As stated, the book hasn't been published yet, but one can look inside. I have been browsing the introduction, and in line with its title, it is pretty harsh in its wording. For example, from page xxv of the introduction:
"In addition to describing how EA can harm animals and humans, the book contains critical studies of EA's philosophical assumptions and critical studies of organizations that set out to realize them. It invites readers to recognize EA as an alluring and extremely pernicious ideology, and it traces out a number of mutually reinforcing strategies for submitting this ideology for criticism".
From the tone of the introduction I can suppose the general tone will be pretty scathing and hostile, as well as its general orientation. Still, I imagine the arguments it makes will profit from some attention, discussion and counterargument when it comes out.

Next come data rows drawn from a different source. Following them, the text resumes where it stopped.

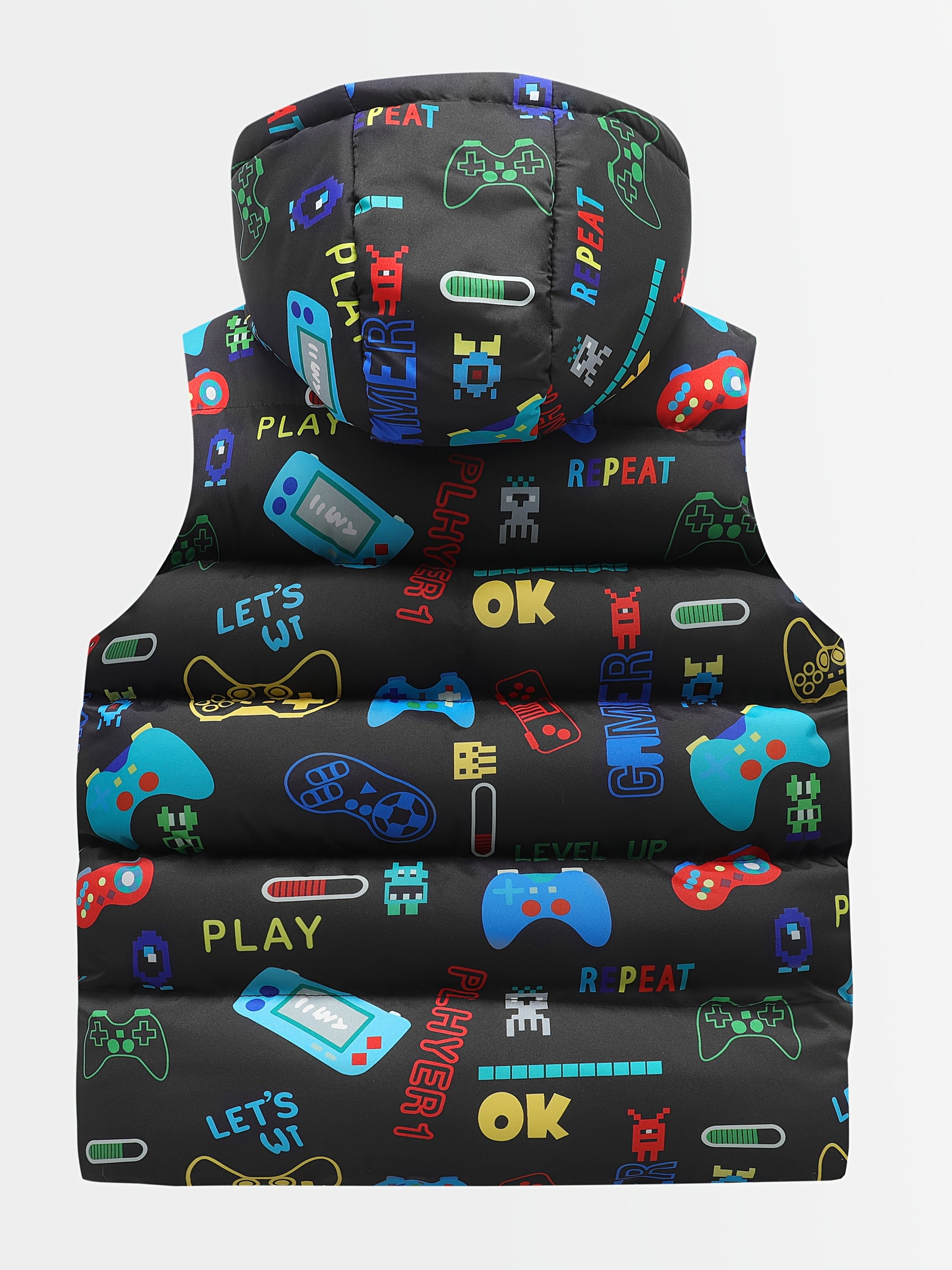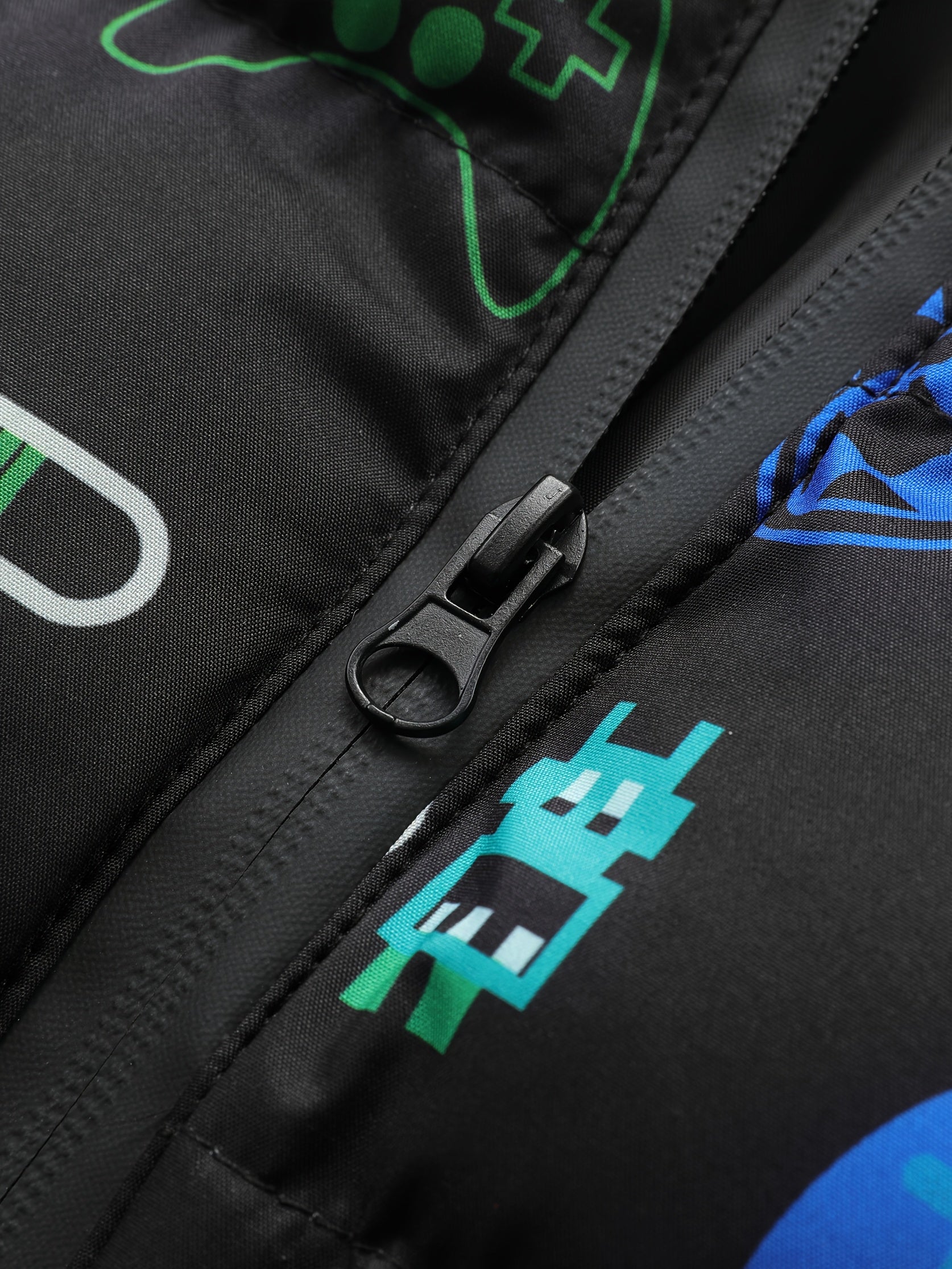 Colorful Alphabet Pattern Boys' Casual Leisure Cartoon Game Machine Zipper Hooded Jacket Vest Coat, for Teenager
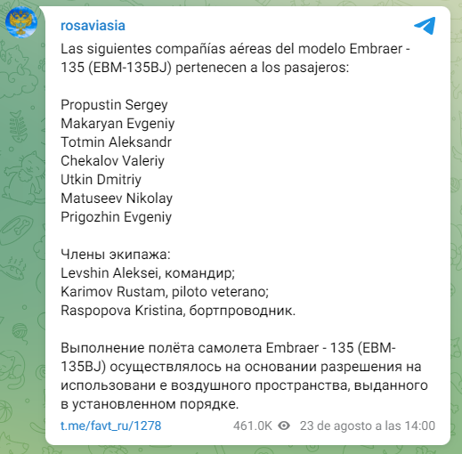 De acuerdo con el canal de Telegram que utilizaba Yevgeny Prigozhin para subir videos, el avión en el que viajaba el líder del Grupo Wagner fue, supuestamente, derribado por el ejército ruso, sin embargo, dicha información aún no se ha confirmado.
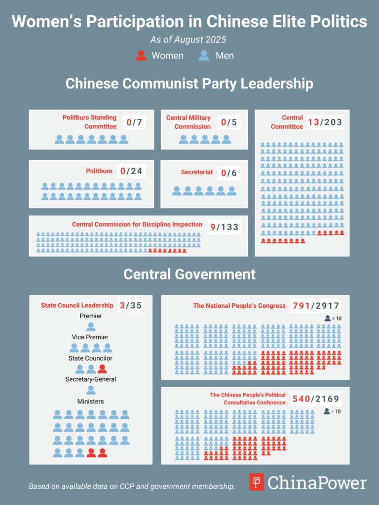 China’s lack of representation of women in politics is highly apparent in top political decision-making bodies like the twenty-four-member Politburo of the CCP. Since 1949, China has only had six female Politburo members. The Politburo of the 20th Central Committee of the CCP (2022-2027) departed from the two-decade norm of having at least one female Politburo member and has none. No woman has ever sat on the CCP’s Politburo Standing Committee, China’s most elite political decision-making body, nor has any woman sat on the Central Military Commission, which commands China’s armed forces. As of August 2025, only 13 of the total 203 members of the CCP Central Committee were women.
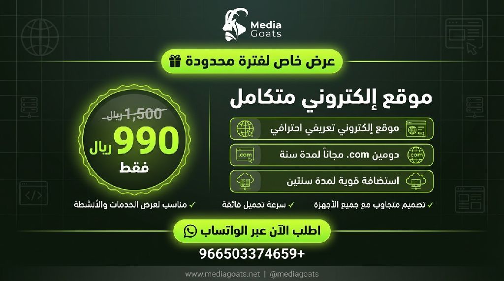 عرض خاص لفترة محدودة، موقع الكتروني احترافي متكامل لنشاطك أو خدمتك بسعر 990 ريال فقط. العرض يشمل تصميم جذاب متوافق مع الجوال + سرعة تحميل عالية + دومين. com مجاني سنة كاملة، واستضافة قوية لمدة سنتين. مناسب للاعلانات وتحويل الزوار لعملاء فعليين. جاهز للانطلاق فورا وبشكل يليق باسمك التجاري. تواصل معنا الآن لطلب الخدمة، عرض مؤقت
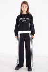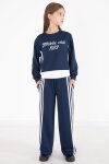 Lacivert Şerit Detaylı Yazılı Geniş Paça Kız Çocuk Takım 22774
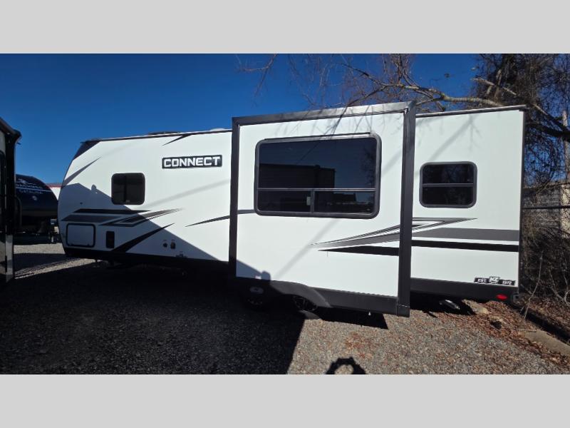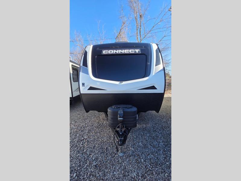 Hitch up this Connect travel trailer and head out for a fabulous weekend away! You will enjoy added space in the living area because of the single slide that holds the booth dinette, and another convenient feature is the dual-entry bathroom that can be accessed from the main hallway or the bedroom. You will be quite surprised to find a king-size bed inside the bedroom, but you will be immensely happy that it's there come bedtime. A pass-through storage on the exterior allows you to bring along extra gear, and the interior is kept cozy on chilly fall evenings with the 30" fireplace.

Thanks for sharing this! I'm not too optimistic, though, as the editors' introduction on the OUP blog doesn't inspire confidence. E.g. they write:
This seems conceptually confused. Any kind of injustice or injury could, in principle, be associated with an estimated welfare cost. (Unless it was literally harmless, but that's surely not what they intend.)
I know there have been past methodological critiques of the particular vein of classic (GiveWell-style) EA that was addressed to aid skeptics and focused on just the most robustly-evidenced global health interventions. But obviously there's nothing in utilitarianism (or EA more broadly) that rules out making use of more speculative evidence and expected-value reasoning.
It sounds to me like their real complaint is something like: How dare EA/utilitarianism prioritize other things over my pet causes, just because there's no reason to think that my pet causes are optimal?
E.g.: "To grasp how disastrously an apparently altruistic movement has run off course, consider that... covering the costs of caring for survivors of industrial animal farming in sanctuaries is seen as a bad use of funds."
Note that they don't even attempt to offer reasons for thinking that animal sanctuaries are a better use of funds than existing EA priorities. Indeed, they don't seem to acknowledge the reality of tradeoffs at all. It's just supposed to be obvious that refusing funding to them and their allies is "grievous harm".
Hopefully some of the papers in the volume will offer some actual arguments that are worth engaging with.
The comment I replied to sounds like you're critiquing the main academic work rather than a description of it, so I wanted to check if you had read an advance copy or something.